Thank you, Mr. Chair.
Welcome, everyone.
I just have a general 30-second comment.
We live in a beautiful country, and we're blessed with a lot of natural resources. We're blessed with a lot of human capital as well.
On the natural resources front, yes, we are a producer of oil and gas, uranium, potash and a number of other things. Right now, we suffer from a discount of anywhere between $20 to $40 U.S., depending on the time of the year. This is called the Alberta discount and is a measure of WTI versus WCS. That really equates to anywhere, depending on where the discount is, between $15 billion to $25 billion that is lost for the Canadian economy. That $15 billion to $25 billion could be used for a lot of programs: funding hospitals, funding improvements to seniors programs, funding improvements to women's programs and under-represented youth groups.

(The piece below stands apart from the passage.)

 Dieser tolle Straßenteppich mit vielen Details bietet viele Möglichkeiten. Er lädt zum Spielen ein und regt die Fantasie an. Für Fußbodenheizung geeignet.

As a person who grew up in northern British Columbia and who paid his way through university by working at a grain elevator and a pulp mill, I think that Canada's resources have served us pretty well. They've served me and my family pretty well. So, to listen to one of my colleagues from another party comment on how we should use our resources.... I just look back at all those good union jobs that are created from those resources all over British Columbia and Alberta, and I'll stand up for those folks and for the people who want to use our resources effectively.

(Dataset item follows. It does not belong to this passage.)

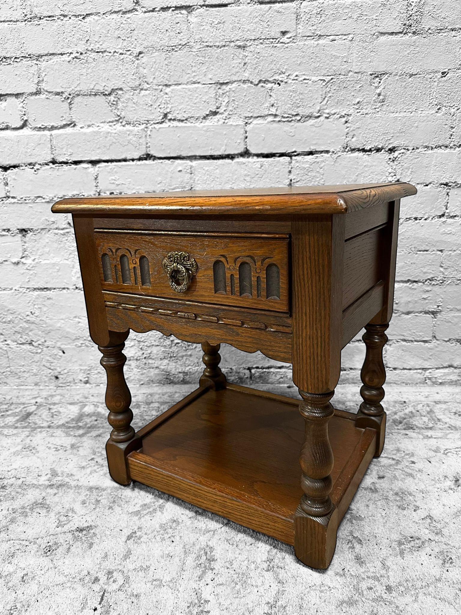 Vintage Wood Bros Old Charm / Small Bedside Lamp Table / Tudor Brown c.1970

I'll stop there and ask my questions.
This question is for the Business Council of Canada.
We don't want to be in a situation where the United States is fiscally with a deficit-to-GDP of 5%. We want to use what's called the shotgun approach and have targeted measures to ensure that we remain competitive, which I think we are. We don't want to have a race to the bottom. We don't want to have an LCD, a lowest common denominator.
Can you give your two top recommendations for this budget, Brian?
Please keep it to 20 seconds, unlike myself.